Le ministère des Finances et du Budget du Sénégal est monté au créneau après la publication d’un article dans la presse internationale portant sur l’utilisation d’instruments financiers de type Total Return Swap (TRS). Dans un communiqué publié ce mardi 24 mars 2026, les autorités apportent une série de précisions sur ces opérations.
D’emblée, le ministère inscrit ce recours dans une logique stratégique. Les opérations évoquées “s’inscrivent dans le cadre de la stratégie de diversification des sources et des instruments de mobilisation des ressources, dans un contexte international marqué par un resserrement des conditions d’accès aux marchés”. Une analyse approfondie de cet instrument a ainsi été menée en vue d’une “opérationnalisation sur le marché financier local en 2025”.
Au-delà de la diversification, l’objectif est également d’élargir la base des investisseurs. Selon le communiqué, “le recours aux TRS s’inscrit dans la politique d’élargissement de la base des investisseurs […] en attirant des investisseurs étrangers afin d’approfondir le marché domestique et d’en améliorer la liquidité”. Le ministère précise que la structuration de ces opérations tient compte des exigences de ces investisseurs, notamment en matière d’accès aux devises, “tout en maîtrisant le risque pour l’État”.
Sur le plan financier, les autorités mettent en avant des conditions d’emprunt jugées avantageuses. “Le taux net supporté était d’environ 7,1 %, ce qui était nettement inférieur aux taux sur les marchés internationaux”, souligne le texte, en référence notamment aux Eurobonds dont les rendements moyens ont atteint “12 % et 11 %” en 2025. Le ministère estime ainsi que ces opérations ont permis “de réaliser des économies substantielles pour le Trésor public”.
Les opérations ont été réalisées dans un cadre strictement encadré. Elles “ont été conduites […] entre avril et novembre 2025, conformément au calendrier d’émission”, et en cohérence avec la Stratégie de gestion de la dette à moyen terme (SDMT), ainsi qu’avec les autorisations parlementaires issues des lois de finances 2025.

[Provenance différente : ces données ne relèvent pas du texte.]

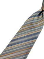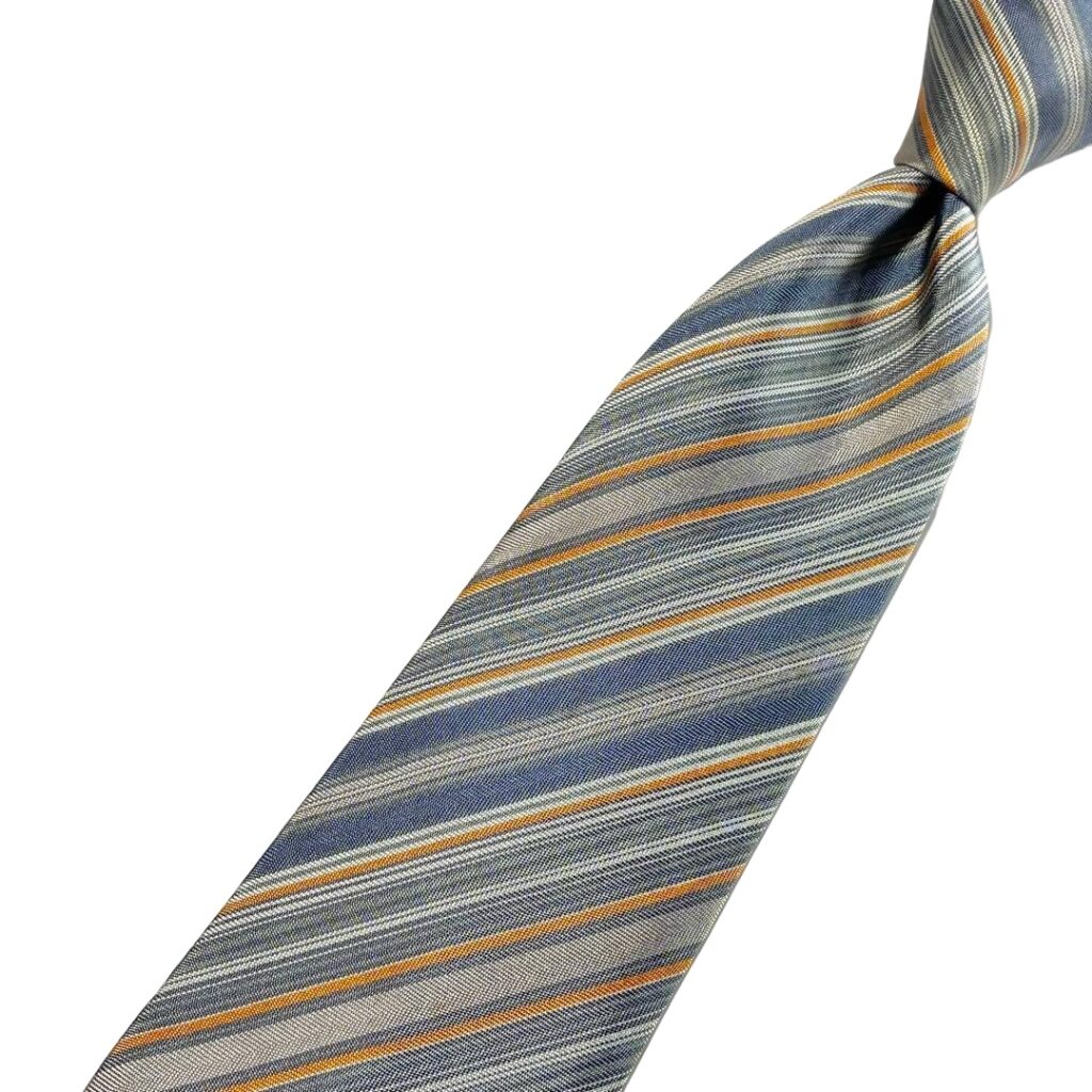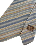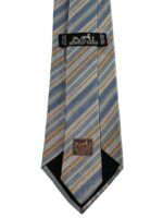 HERMES Silk Tie Blue Striped Made in France Authentic

Le ministère insiste également sur la transparence entourant ces financements. “Les résultats de ces opérations sont publiés après chaque émission, conformément aux règles de transparence du marché”, précisant que ces informations sont régulièrement relayées par la presse locale. Il ajoute que “la communication du ministre […] à l’Assemblée nationale […] prouve […] l’absence de dissimulation”.
Concernant l’utilisation des fonds, les autorités affirment qu’ils ont été exclusivement affectés à l’exercice budgétaire 2025. “Les montants mobilisés […] ont exclusivement servi à couvrir les besoins dudit plan et ne sauraient en aucune manière adresser ceux de l’exercice 2026”. Le communiqué rappelle par ailleurs que “l’échéance de l’Eurobond […] a été honorée en mars 2026”.

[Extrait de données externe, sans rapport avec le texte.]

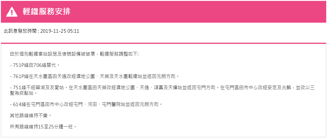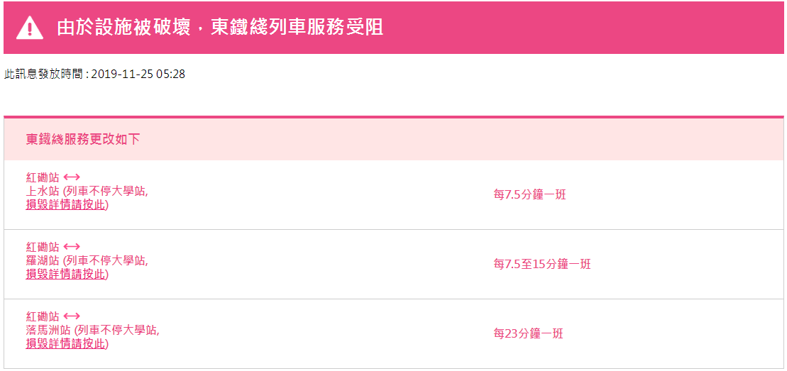 據(jù)港鐵消息,11月25日,香港地鐵各線(機(jī)場快線除外)、輕鐵及港鐵巴士的服務(wù)將于晚上11時(shí)結(jié)束。紅磡站恢復(fù)列車服務(wù),但只開放B、C出入口。大學(xué)站繼續(xù)關(guān)閉,列車不停大學(xué)站,個(gè)別車站出入口也會(huì)暫時(shí)關(guān)閉。
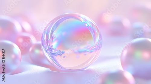 A mesmerizing iridescent bubble surrounded by soft pastel pearls, creating a dreamy, ethereal atmosphere.

Le gouvernement réaffirme enfin sa ligne de conduite en matière de gestion de la dette. Il assure que le plan de financement 2025 a été “rigoureusement exécuté dans le respect de l’autorisation parlementaire” et souligne son engagement à “poursuivre la gestion prudente, transparente et responsable de sa dette publique”.
Dans ce contexte, les autorités indiquent maintenir un dialogue régulier avec leurs partenaires, notamment le Fonds monétaire international, autour des modalités de financement, y compris les opérations de TRS.
En conclusion, le ministère rappelle que “le recours à des instruments de financement diversifiés constitue un axe fondamental de la stratégie de mobilisation des ressources” et affirme rester attaché à “la transparence et à la qualité de l’information économique et financière” à destination du public.